Q - What are the long-term effects of treatments including steroid infusions?

The long-term effects of treatments are dependent on the treatment used and can be quite variable. In general, here is a partial list of known long-term effects that should be considered:

1. Steroids – long-term exposure to steroids can increase the risk of diabetes, hypertension, highcholesterol, cataracts, osteoporosis and infections. Therisks are related to both the duration of exposure and dosage used.

2. Rituximab (Rituxan®)– There are no long-term studies looking at risks of exposure to rituximab. In the short term, the biggest risk is of infections. There have also been reported cases of a brain infection, called PML (progressive multifocal leukoencephalopathy) in patients on rituximab, although the link is unclear.

3. Mycophenolate mofetil (Cellcept®) and Azathioprine (Imuran®) – The major long-term risk of these agents is infection. In studies that followed transplant patients who were receiving these drugs for 10 years or more, there was an increased risk of certain cancers – including lymphoma and melanoma. This risk seems to be

lower with mycophenolate, but this data is limited. Based on the risks, patients on one of these agents should wear hats, sunscreen and have annual dermatologic exams.

Q - Are there side effects to so much exposure to MRIs (such as cancer)?

Great question. The short answer is, “No.” MRIs are very different than Xrays and CT scans – there is NO radiation. MRIs have been around for more than 20 years. While there have been no formal studies tracking patients over time, there are also no indications that repeated exposure to a MRI machine increased any health risks. There are dangers to a MRI if you have implanted devices or metal, because it uses such a huge magnetic force, so discuss the short-term safety with your doctor if this applies to you.

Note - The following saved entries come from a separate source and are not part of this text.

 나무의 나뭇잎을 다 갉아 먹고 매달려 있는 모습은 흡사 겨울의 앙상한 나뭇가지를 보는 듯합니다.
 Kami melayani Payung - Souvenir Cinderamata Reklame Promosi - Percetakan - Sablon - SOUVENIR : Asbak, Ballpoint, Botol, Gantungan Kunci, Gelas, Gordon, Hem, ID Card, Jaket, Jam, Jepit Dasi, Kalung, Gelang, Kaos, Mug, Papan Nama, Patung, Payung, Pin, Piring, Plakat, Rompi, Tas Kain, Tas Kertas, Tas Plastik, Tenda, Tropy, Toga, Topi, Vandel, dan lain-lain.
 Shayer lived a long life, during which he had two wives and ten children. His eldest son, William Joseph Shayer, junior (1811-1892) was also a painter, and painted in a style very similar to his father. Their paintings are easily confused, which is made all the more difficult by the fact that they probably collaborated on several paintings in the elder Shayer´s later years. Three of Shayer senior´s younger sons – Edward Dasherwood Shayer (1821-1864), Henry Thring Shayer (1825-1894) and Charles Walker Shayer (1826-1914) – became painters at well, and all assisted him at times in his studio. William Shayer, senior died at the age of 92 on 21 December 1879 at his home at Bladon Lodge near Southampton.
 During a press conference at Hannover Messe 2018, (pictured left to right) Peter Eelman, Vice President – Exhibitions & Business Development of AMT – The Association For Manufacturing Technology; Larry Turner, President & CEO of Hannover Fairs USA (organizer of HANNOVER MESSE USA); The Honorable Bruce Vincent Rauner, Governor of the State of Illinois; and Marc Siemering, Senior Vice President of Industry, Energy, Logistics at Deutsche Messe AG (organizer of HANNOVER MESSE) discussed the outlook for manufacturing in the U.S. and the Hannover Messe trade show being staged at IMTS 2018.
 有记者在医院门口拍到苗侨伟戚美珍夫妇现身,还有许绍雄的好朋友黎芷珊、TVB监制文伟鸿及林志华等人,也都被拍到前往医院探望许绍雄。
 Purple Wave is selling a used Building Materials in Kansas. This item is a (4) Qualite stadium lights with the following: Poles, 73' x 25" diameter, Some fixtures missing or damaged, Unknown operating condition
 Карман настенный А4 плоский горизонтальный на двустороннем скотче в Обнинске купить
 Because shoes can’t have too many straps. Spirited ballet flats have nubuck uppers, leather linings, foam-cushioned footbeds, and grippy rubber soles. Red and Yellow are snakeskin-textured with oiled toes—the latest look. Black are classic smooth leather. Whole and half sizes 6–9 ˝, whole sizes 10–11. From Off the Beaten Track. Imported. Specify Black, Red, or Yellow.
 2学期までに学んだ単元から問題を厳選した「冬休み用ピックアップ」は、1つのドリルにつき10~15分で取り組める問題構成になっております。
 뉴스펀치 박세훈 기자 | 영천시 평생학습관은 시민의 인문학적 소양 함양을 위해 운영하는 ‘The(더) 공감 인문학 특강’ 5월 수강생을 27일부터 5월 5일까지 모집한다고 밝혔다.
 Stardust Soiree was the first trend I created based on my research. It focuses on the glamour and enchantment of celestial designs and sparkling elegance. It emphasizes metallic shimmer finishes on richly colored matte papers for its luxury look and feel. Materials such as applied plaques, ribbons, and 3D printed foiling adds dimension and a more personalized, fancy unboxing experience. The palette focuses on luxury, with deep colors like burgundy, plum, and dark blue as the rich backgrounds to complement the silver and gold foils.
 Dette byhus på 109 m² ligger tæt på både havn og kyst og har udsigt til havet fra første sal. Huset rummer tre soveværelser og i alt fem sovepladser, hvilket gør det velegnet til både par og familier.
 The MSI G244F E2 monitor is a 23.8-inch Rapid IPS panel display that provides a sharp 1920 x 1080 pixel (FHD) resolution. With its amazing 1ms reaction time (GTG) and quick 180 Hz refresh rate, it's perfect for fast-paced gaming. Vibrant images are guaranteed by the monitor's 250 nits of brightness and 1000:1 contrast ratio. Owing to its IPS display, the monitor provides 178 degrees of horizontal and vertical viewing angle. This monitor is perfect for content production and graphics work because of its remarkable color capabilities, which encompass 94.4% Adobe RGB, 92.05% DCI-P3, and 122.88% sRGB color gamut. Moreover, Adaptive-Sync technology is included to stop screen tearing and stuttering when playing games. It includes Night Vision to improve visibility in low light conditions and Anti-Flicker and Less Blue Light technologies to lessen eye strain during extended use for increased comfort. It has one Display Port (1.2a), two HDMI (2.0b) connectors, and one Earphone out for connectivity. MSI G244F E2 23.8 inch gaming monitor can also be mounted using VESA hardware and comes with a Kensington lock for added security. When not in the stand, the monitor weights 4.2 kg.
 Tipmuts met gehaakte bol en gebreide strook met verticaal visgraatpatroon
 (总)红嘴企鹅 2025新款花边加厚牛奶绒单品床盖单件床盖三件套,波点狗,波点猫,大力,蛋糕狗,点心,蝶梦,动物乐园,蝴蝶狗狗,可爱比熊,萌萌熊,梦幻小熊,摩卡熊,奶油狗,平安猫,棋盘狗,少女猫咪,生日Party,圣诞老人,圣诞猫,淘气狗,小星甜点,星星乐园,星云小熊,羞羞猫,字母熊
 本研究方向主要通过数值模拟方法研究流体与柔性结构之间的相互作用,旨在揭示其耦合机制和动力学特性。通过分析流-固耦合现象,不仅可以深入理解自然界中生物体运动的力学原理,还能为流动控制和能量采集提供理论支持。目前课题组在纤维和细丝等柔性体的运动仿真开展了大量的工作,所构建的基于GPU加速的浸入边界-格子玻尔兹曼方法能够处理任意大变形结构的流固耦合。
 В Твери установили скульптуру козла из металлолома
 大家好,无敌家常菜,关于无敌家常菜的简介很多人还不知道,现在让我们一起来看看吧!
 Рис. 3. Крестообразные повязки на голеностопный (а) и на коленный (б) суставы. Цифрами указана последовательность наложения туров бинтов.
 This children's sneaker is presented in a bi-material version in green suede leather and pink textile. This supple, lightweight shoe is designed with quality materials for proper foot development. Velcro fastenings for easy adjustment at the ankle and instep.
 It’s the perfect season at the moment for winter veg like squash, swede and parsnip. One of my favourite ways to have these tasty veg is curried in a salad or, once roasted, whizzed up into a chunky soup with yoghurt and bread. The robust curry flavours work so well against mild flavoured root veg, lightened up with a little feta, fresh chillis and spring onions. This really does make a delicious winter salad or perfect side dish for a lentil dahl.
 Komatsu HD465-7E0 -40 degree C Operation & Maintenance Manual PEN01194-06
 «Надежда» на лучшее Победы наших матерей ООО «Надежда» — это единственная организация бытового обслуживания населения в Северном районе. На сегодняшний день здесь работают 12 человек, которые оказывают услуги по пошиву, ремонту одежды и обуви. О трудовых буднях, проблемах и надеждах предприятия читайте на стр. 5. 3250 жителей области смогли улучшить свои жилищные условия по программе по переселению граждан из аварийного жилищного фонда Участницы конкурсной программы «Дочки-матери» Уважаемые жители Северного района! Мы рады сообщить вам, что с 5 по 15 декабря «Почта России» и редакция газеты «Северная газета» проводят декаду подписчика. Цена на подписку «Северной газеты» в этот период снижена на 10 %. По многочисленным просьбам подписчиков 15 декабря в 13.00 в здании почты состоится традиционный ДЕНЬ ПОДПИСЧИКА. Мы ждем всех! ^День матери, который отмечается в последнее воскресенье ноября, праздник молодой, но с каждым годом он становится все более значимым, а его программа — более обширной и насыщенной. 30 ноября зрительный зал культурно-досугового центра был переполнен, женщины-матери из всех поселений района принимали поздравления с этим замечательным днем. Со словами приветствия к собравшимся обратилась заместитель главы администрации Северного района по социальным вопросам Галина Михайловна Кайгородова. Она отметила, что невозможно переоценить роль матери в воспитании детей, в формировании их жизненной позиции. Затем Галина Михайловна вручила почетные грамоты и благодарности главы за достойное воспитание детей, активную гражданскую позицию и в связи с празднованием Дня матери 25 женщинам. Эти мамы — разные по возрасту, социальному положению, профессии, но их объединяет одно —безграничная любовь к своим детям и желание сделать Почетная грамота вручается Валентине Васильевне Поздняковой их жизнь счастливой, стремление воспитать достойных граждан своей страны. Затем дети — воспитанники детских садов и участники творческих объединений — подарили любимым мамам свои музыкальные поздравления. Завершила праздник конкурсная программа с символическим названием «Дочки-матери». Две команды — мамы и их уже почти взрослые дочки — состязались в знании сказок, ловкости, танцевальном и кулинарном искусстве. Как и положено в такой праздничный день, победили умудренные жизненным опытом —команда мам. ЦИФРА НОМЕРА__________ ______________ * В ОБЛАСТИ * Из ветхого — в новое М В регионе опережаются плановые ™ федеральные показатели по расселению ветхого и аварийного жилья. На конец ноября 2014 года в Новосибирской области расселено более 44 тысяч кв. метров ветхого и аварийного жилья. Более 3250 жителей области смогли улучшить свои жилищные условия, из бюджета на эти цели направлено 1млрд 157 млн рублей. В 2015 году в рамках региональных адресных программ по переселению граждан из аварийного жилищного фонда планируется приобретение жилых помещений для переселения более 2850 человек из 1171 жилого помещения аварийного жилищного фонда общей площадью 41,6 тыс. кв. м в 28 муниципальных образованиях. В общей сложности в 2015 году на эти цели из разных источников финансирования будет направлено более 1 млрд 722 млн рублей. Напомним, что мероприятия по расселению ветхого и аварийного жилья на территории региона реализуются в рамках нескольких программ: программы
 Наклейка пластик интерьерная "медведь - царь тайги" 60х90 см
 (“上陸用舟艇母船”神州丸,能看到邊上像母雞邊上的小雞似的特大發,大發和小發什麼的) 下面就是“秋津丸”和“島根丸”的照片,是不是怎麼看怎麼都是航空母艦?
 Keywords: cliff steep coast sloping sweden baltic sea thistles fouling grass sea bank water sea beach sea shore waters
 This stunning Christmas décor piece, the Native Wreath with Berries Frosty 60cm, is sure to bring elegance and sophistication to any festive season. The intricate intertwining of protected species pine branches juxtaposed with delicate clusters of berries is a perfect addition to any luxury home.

Q - What is the most effective treatment for stopping attacks?

I wish I knew. Anecdotally, rituximab, mycophenolate mofetil and azathioprine probably are about equally effective, but there are some patients who clearly have a better response to one or the other drug.  We can tell who is who yet, so in general we say start with one and switch if a relapse occurs or side effects occur.

Q - How does diet affect most NMO patients?

We don’t know! There are no studies assessing the role of diet in groups of NMO patients. From experience, I can tell you that the better the general health of a patient, the better they do with the ups and downs of NMO. Some patients find a selective diet they feel help their disease and this is fine, as long as there is adequate balanced nutrition.

Q - What is the current main approach to curing NMO?

There are many active NMO programs around the world trying to cure this disease. Our treatments are good, and for some they are potentially cures. But some patients continue to have relapses despite therapy. New drugs are being evaluated all the time and new treatment modalities are in clinical trials. The approach to a cure is very individualized. I recommend that if a patient is not responding to one of the first-line therapies mentioned above, that they seek care at a tertiary center with specific programs in NMO.

Q - Anything else?

The one thing I would add is that there is tremendous hope in the world of NMO. I would argue, potentially more hope than in diseases such as MS. Understanding this disease is accelerating and new treatments are on the horizon. The medical and scientific processes can never go fast enough for our patients struggling with these issues every day, but it is moving. There is every reason to believe that true cures for this disease will be found.

Dr. Greenberg is the Deputy Director of the Multiple Sclerosis Program and Director of the new Tranverse Myelitis and Neuromyelitis Optica Program at University of Texas Southwestern Medical Center.